··· DATA UNDER STUDY ···
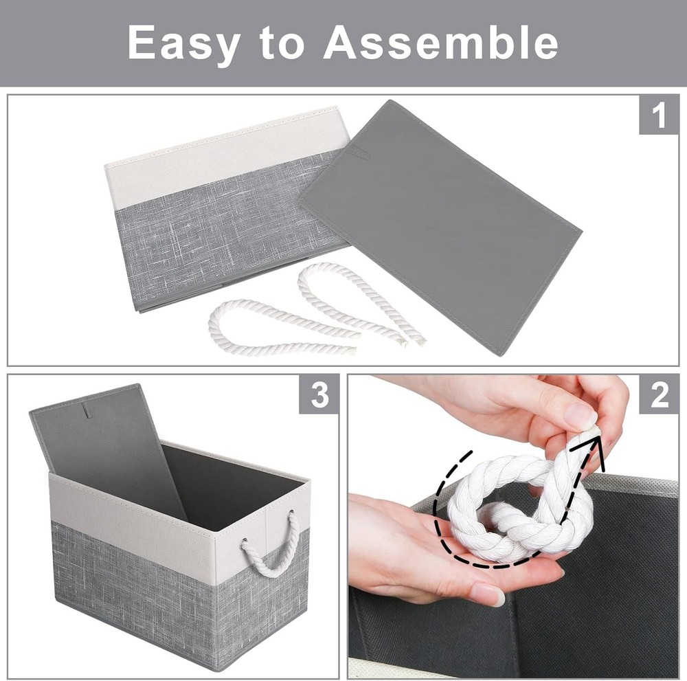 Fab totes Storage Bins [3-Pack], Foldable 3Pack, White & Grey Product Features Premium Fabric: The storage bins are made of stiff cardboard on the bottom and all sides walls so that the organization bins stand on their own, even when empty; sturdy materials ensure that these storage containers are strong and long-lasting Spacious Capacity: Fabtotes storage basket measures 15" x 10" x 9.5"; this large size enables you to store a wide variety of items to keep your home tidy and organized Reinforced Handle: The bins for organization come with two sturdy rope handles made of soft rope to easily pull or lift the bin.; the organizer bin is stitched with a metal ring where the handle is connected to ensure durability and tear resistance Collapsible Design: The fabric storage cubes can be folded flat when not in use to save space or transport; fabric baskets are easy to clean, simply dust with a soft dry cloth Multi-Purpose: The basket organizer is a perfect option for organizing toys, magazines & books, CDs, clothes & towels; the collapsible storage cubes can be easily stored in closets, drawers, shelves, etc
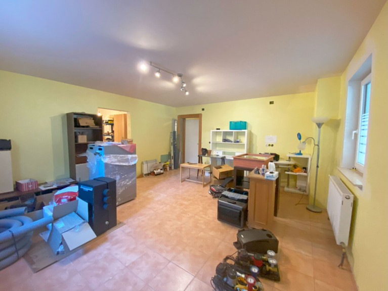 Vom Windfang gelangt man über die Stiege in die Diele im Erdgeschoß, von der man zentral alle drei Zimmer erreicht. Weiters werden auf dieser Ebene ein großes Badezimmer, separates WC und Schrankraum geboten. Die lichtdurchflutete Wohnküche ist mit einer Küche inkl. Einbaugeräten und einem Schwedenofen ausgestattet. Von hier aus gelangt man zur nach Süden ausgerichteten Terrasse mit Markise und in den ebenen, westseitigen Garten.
···
··· DATA UNDER STUDY ···
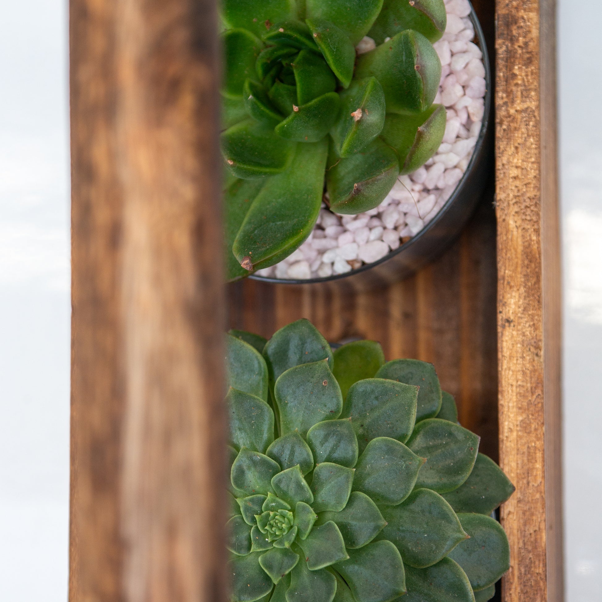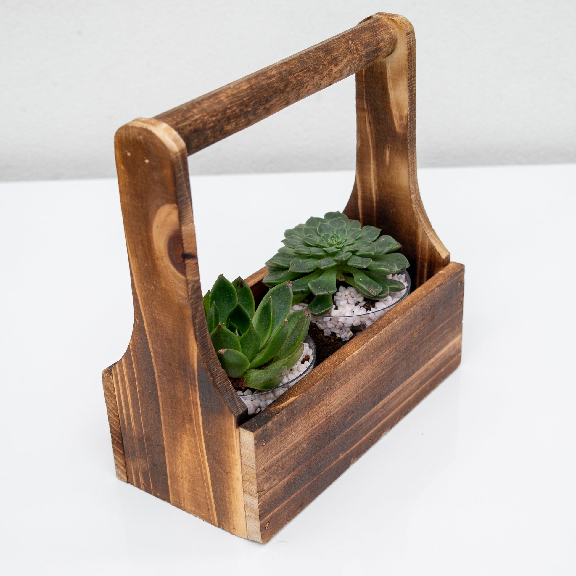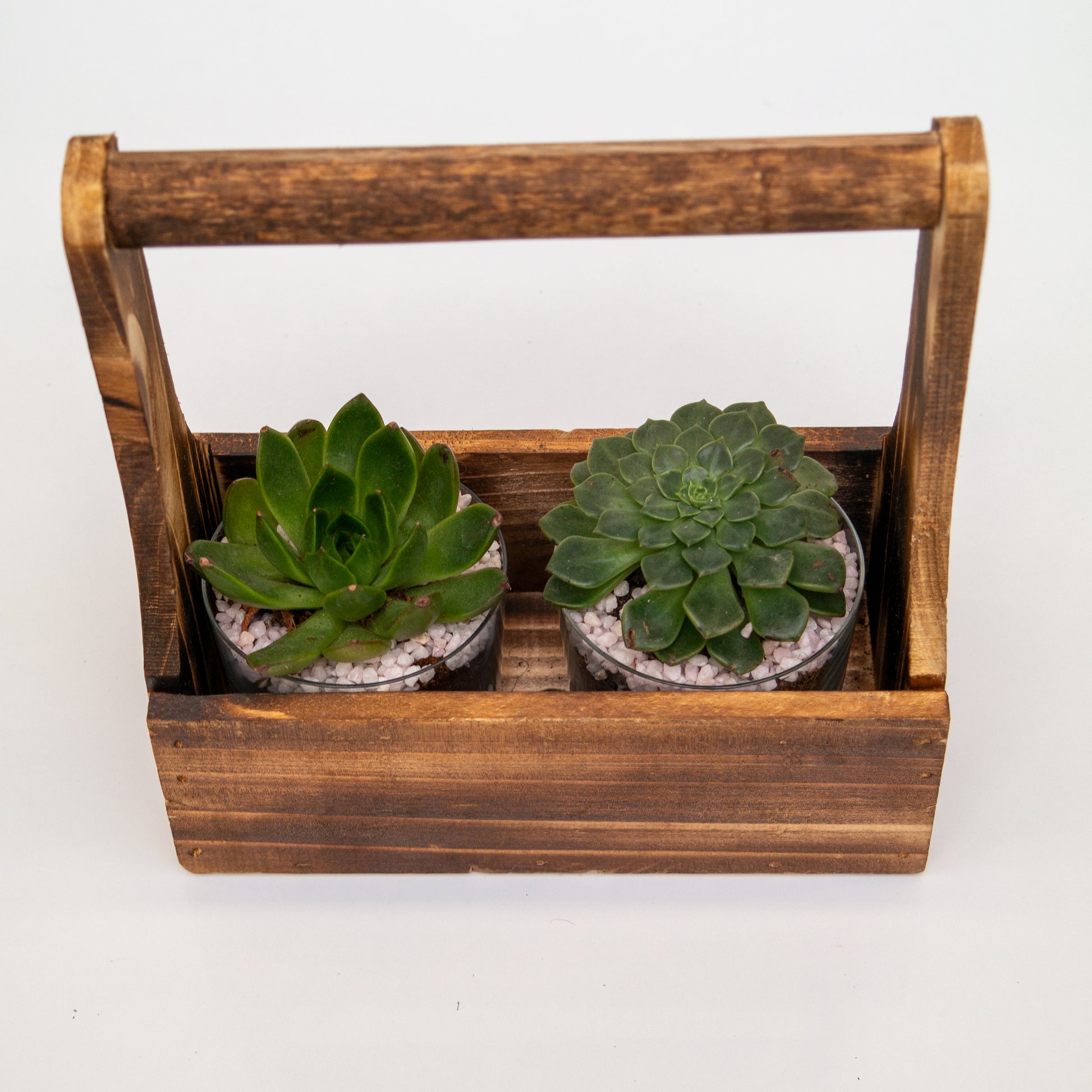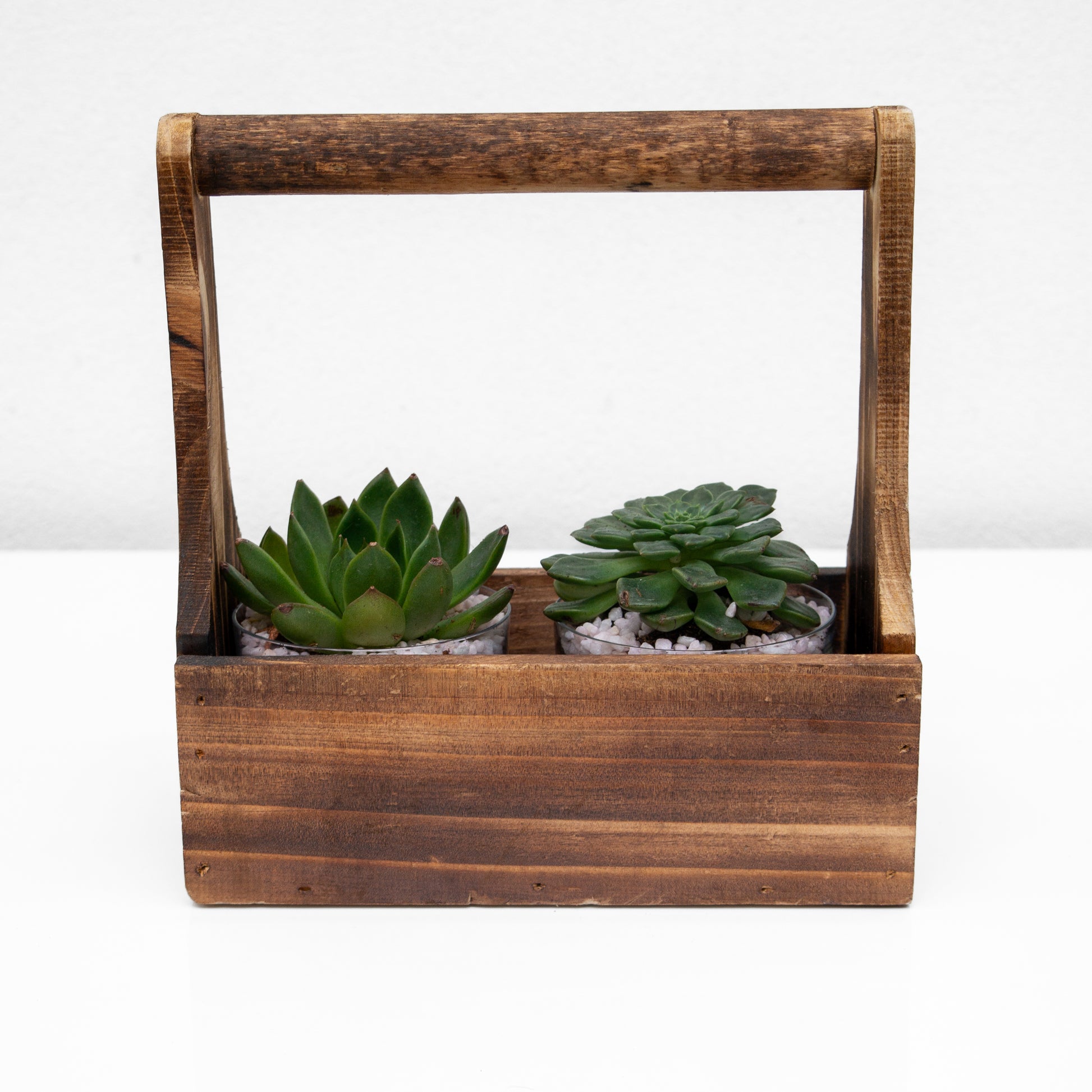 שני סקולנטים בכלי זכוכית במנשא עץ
···
··· DATA UNDER STUDY ···
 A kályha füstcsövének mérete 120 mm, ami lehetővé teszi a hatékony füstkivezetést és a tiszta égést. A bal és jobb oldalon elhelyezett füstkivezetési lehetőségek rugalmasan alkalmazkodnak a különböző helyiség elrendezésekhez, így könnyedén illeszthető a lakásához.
···
* [EXERCISE GOAL]: Using the data above, retype exactly the lines from the line with "Fab totes Storage" to the line with "Vom Windfang gelangt", inclusive. No pictures and nothing else.

* [SOLUTION FOR THIS TASK]:
 Fab totes Storage Bins [3-Pack], Foldable 3Pack, White & Grey Product Features Premium Fabric: The storage bins are made of stiff cardboard on the bottom and all sides walls so that the organization bins stand on their own, even when empty; sturdy materials ensure that these storage containers are strong and long-lasting Spacious Capacity: Fabtotes storage basket measures 15" x 10" x 9.5"; this large size enables you to store a wide variety of items to keep your home tidy and organized Reinforced Handle: The bins for organization come with two sturdy rope handles made of soft rope to easily pull or lift the bin.; the organizer bin is stitched with a metal ring where the handle is connected to ensure durability and tear resistance Collapsible Design: The fabric storage cubes can be folded flat when not in use to save space or transport; fabric baskets are easy to clean, simply dust with a soft dry cloth Multi-Purpose: The basket organizer is a perfect option for organizing toys, magazines & books, CDs, clothes & towels; the collapsible storage cubes can be easily stored in closets, drawers, shelves, etc
 Vom Windfang gelangt man über die Stiege in die Diele im Erdgeschoß, von der man zentral alle drei Zimmer erreicht. Weiters werden auf dieser Ebene ein großes Badezimmer, separates WC und Schrankraum geboten. Die lichtdurchflutete Wohnküche ist mit einer Küche inkl. Einbaugeräten und einem Schwedenofen ausgestattet. Von hier aus gelangt man zur nach Süden ausgerichteten Terrasse mit Markise und in den ebenen, westseitigen Garten.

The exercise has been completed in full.